To obtain the calibration curve for HSA 3.4k in whole rat blood, blood samples spiked with the target analyte were incubated for 15 minutes prior to sensing, and chips were thoroughly washed before each concentration point to minimize the effects of sensor fouling due to blood clogging.
| Au-SR + e− → Au + RS− |
At the beginning of the experiments, with a 150 μL min−1 flow rate, the 200 μL DI water was injected into the system twice to make sure the excess bubbles were removed. Then, the flow rate was turned to 50 μL min−1 for the injection of agents in the following order and steps: 100 μL 1 μl HSA dissolved in PBS buffer was injected, and waited for 25–30 min for the proteins' binding and dissociation from the receptors. 200 μL 200 mM Glycine solution (in 1× PBS) was injected for regeneration, and step 1 was repeated.
Fc-tagged antigens linked to PEG arms were prepared by reacting the NHS-ester of the Fc redox reporter with thiolated PEG arms and native antigens in a 1× PBS buffer, followed by a purification step. Subsequently, Fc-antigen was added to the working electrode, where the antibody was already immobilized.
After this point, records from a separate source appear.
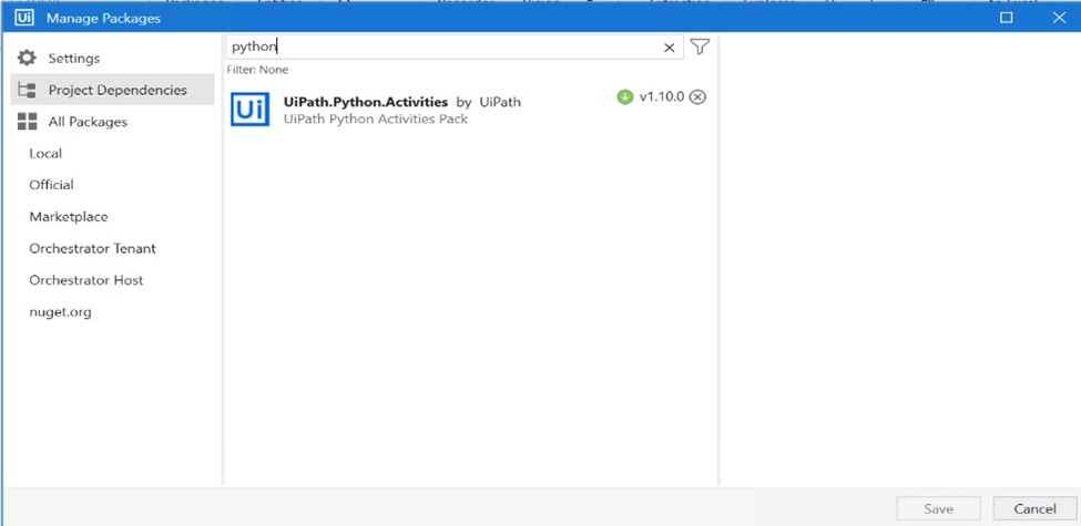 Search for UiPath.Python.Activities Install the package
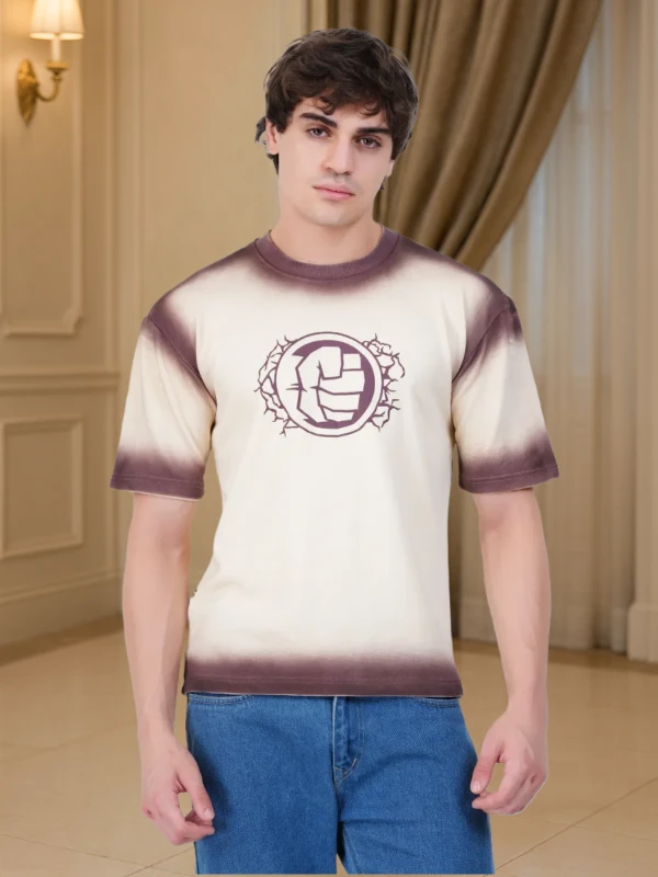 Make a statement with this cream T-shirt featuring a striking maroon ombre effect and powerful graphic print. Crafted for comfort and designed for modern streetwear appeal.
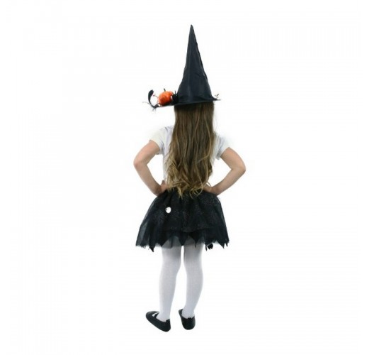 Kostýmek černé barvy zdobený dekorem pavučinky je určen pro holčičky ve věkovém rozmezí 3-7 let.

Three PEG linkers with molecular weights of approximately 3400 Da, 6000 Da, and 10
000 Da were used, referred to as 3.4k, 6k, and 10k arms, respectively. Fig. 2b shows the matrix-assisted laser desorption/ionization time-of-flight (MALDI-TOF) spectra of the modified Fc-IgG antigen with three different PEG sizes. The mass spectra indicate multiple attachments of arms depending on the reaction concentrations and the reactivity of each PEG linker. The degree of modification ranges from 1–3 for the 10k arms to 2–6 for 6k and 1–8 for 3.4k arms (Fig. S1).
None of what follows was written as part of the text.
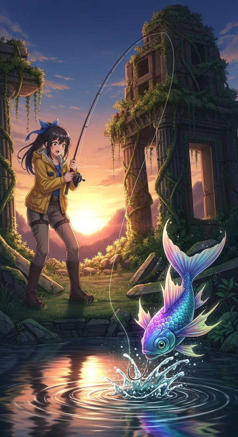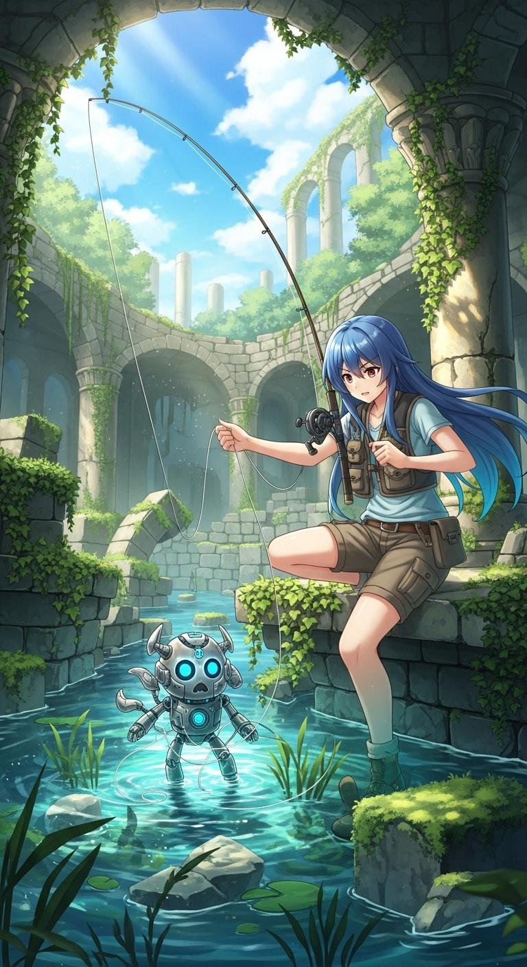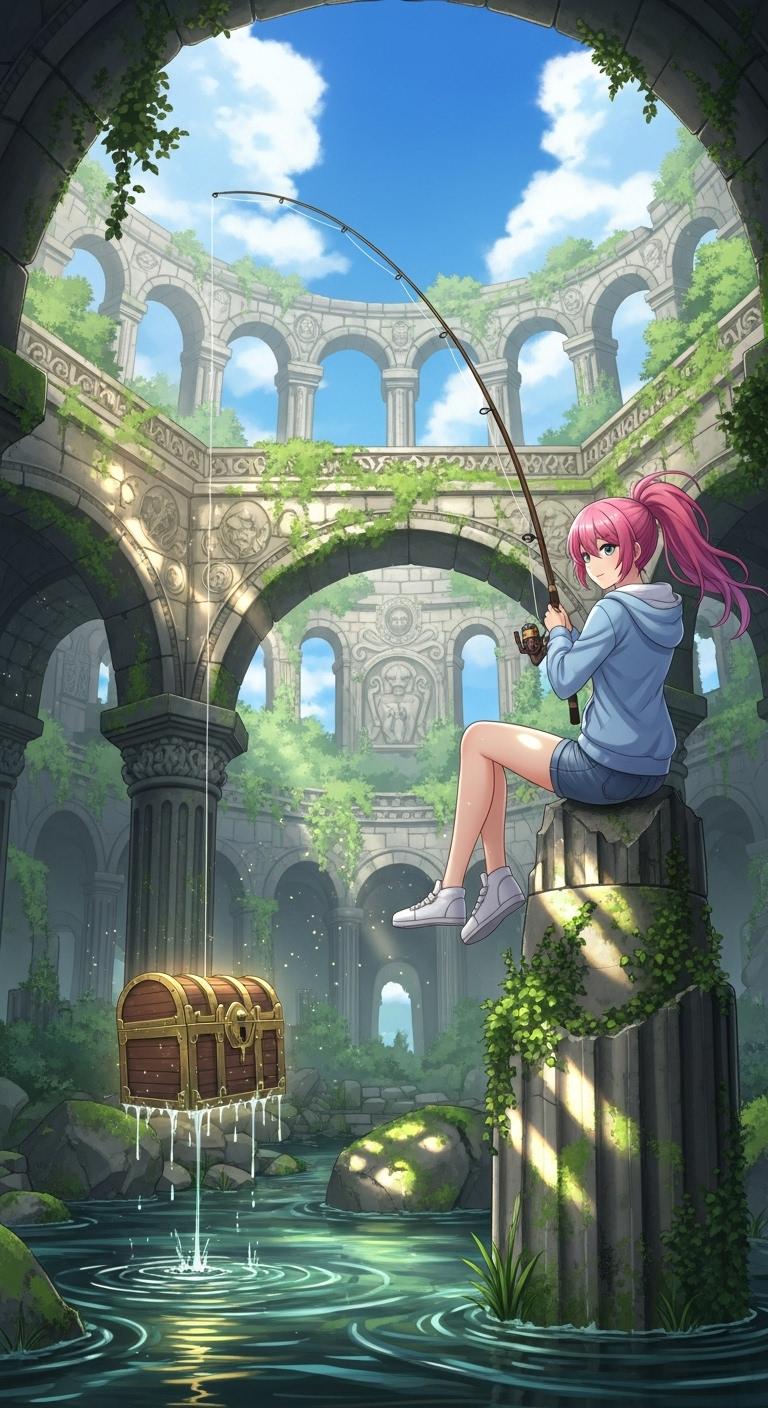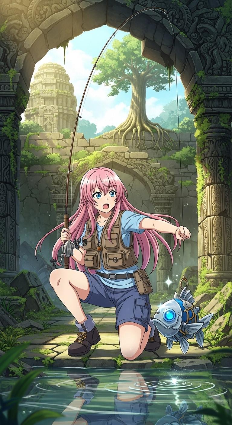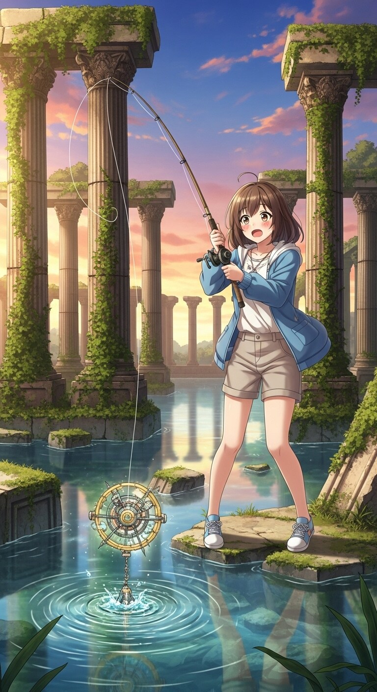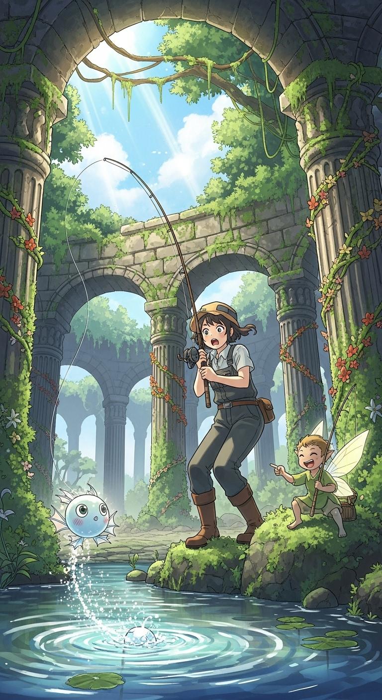 古代遺跡で釣りをする

To examine the binding of Fc-antigens linked with the PEG-thiolated arms to the gold surface, gold nanoparticles coated with the human serum albumin (HSA) antigens modified with 10k PEG arm (HSA-10k) were characterized via X-ray photoelectron spectroscopy (XPS; Fig. 2c). It is known that thiol groups are likely to bind to gold and copper surfaces.28,29 Comparing Au4f XPS spectra of bare gold nanoparticles and gold nanoparticles coated with HSA-10k indicates a shoulder at 84.7 and 88.5 eV attributed to the formation of Au–S bonds.28,30,31 Moreover, comparing the N1s XPS of protein-capped gold nanoparticles with uncoated gold nanoparticles indicates the presence of organic compounds (protein/antigen) (Fig. 2d). The XPS results indicate the reaction of the thiol-containing tagged antigen with the gold surface. A similar outcome is expected when the tagged antigen linked with the PEG arm is added to the gold working electrode of the chips.
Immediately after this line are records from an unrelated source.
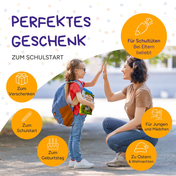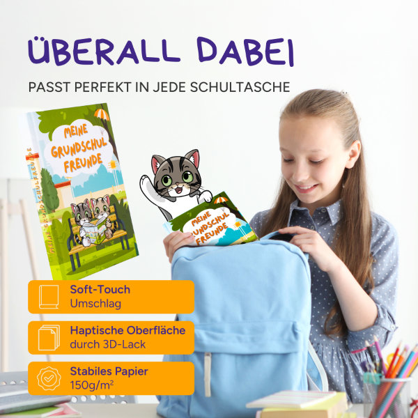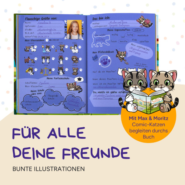Das Freundebuch „Meine Grundschulfreunde“ ist ideal für Kinder von 6 bis 11 Jahren und begleitet sie liebevoll durch die gesamte Grundschulzeit. Die zwei Comic-Katzen Max & Moritz führen spielerisch durchs Buch und machen das Ausfüllen zu einem Erlebnis. Ob im Schulranzen oder in der Freizeittasche – dieses Freundebuch für die Schule passt überall hinein. Mit seinem kindgerechten Design, der weichen Haptik und dem Fokus auf die Klassen 1 bis 4 ist es der perfekte Begleiter, um Freundschaften in der Grundschule festzuhalten.
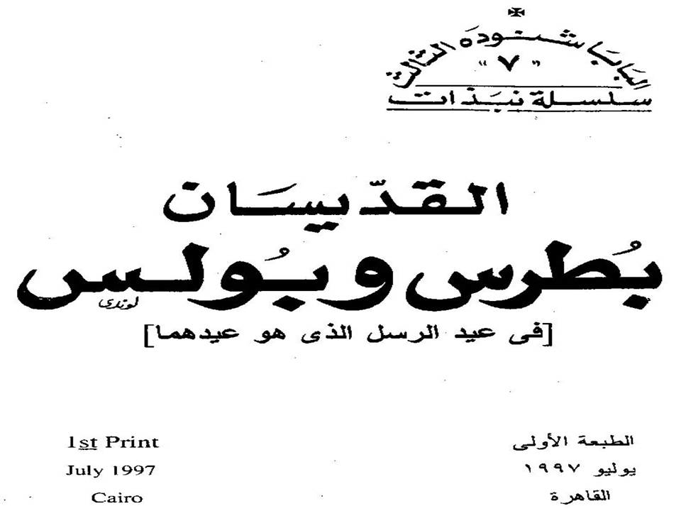 بمناسبة عيد الرسل ، كنت أود أن أحدثكم عن الرسل بصفة عامة . ولكني وجدت أن ذلك أكبر من أن تتسع له نبذة مختصرة كهذه . وهكذا فضلت أن أكتب لكم فقط عن هذين الرسولين العظيمين : بطرس وبولس . وبخاصة لأن عيد الرسل هذا ( ٥ أبيب ) هو عيد استشهاد بطرس وبولس أما الحديث عن الآباء الرسل بصفة عامة ، فتكون له نبذة خاصة فيما بعد ، إن أحيانا الرب وعشنا وصدقوني حتى اقتصارنا على هذين الرسولين فقط ، لا تكفى لهما مجرد نبذة ، إنما نتكلم بإيجاز شديد وفي هذه النبذة ، نحن لا نكتب تاريخاً . فالتاريخ قد يحتاج إلى مجلدات ، وإلى بحوث وخرائط إنما أكتب لكم هنا عن الدروس الروحية وليس التاريخ . أي ما يمكن أن نتعلمه بقدر الإمكان من حياة آبائنا الرسل . فـإن تعرضنا لشئ من التاريخ ، يكون بطريقة ثانوية .
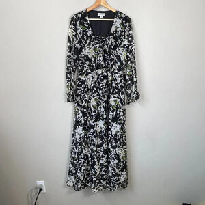 Embrace bohemian beauty with this stunning Belle Sky maxi dress. Featuring a vibrant floral pattern in black, white, and green, this dress is perfect for any occasion, whether it be a wedding, party, or casual outing. The long balloon sleeves and layered ruffle accents add a touch of femininity to the dress, while the V-neckline and collarless design give it a sleek and modern look. Crafted from lightweight chiffon fabric, this dress is both comfortable and stylish. The high waist and adjustable fit and flare design provide a flattering silhouette, while the sheer sleeves and lining add a touch of elegance. Perfect for the summer, fall, or spring season, this dress is a must-have for any fashion-forward woman's wardrobe.
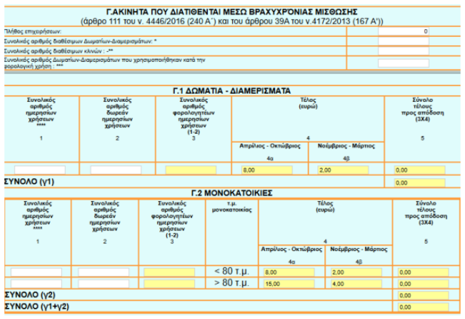 γ) τα ακίνητα που διατίθενται μέσω βραχυχρόνιας μίσθωσης του άρθρου 111 του ν. 4446/2016 (Α’ 240) και του άρθρου 39Α του Κώδικα Φορολογίας Εισοδήματος (ν. 4172/2013, Α’ 167),

To verify the reaction of NHS-ester of ferrocene with antigen, cyclic voltammetry (CV) scanning was performed using an electrode modified with Fc-HSA linked to the 10k PEG arm (Fc-HSA-10k). Peaks assigned to the ferrocene redox at approximately 0.2–0.4 V vs. Ag/AgCl reference electrode were observed (Fig. 2e).32,33
Next, atomic force microscopy (AFM) scanning was used to investigate the surface coverage. Silicon wafers coated with 300 nm of gold were used as the substrate for AFM imaging instead of the commercial chip, as the actual working electrode surface was too rough for reliable AFM imaging (Fig. S2). Analysis of AFM images of the bare gold surface reveals a relatively rough texture with peaks as high as 2–3 nm (Fig. 2f). In the AFM image of Fc-HSA-10k deposited on the gold surface, peaks as high as 6–8 nm are observed, which aligns with the expected measures reported for HSA (Fig. 2g).34 The antibody-coated gold surface exhibits peaks as high as 8–9 nm, suggesting a relatively upright orientation of antibodies at these spots (Fig. 2h). The gold surface coated with both Fc-HSA-10k and antibody showed greater protein coverage (Fig. 2i). Moreover, the spot diameters were smaller, indicating the formation of more individual HSA-10k + anti-HSA antibody assemblies. The peak height ranges from 5–7 nm, which is comparable to the size of HSA and lower than that of the antibody-only surface, suggesting that the interaction of HSA-10k with the antibody causes a slight tilt in the anti-HSA antibody. Although AFM results show a dry-state height of 6–8 nm for Fc-HSA-10k, the PEG linkers have at least a Flory radius of at least 4.7 nm in solution and remain highly flexible, allowing the tethered HSA to extend beyond the measured dried-layer height and access the antibody binding sites. We also observed the presence of protein aggregates, particularly on the antibody-only or HSA-10k-only surfaces, likely due to the accumulation of antibodies or HSA antigens.
Coupling via EDC–NHS typically results in a random orientation of antibodies on the surface.35 However, performing the coupling reaction at a more neutral pH (as in our Method) has been shown to increase exposure of the Fab region, suggesting a more upright orientation.36 In addition, the AFM results in Fig. 2h (antibody-covered gold) compared to Fig. 2f (clean gold) show a height of approximately 8–9 nm in the presence of antibody, which is consistent with the expected height of antibodies and supports an upright antibody orientation.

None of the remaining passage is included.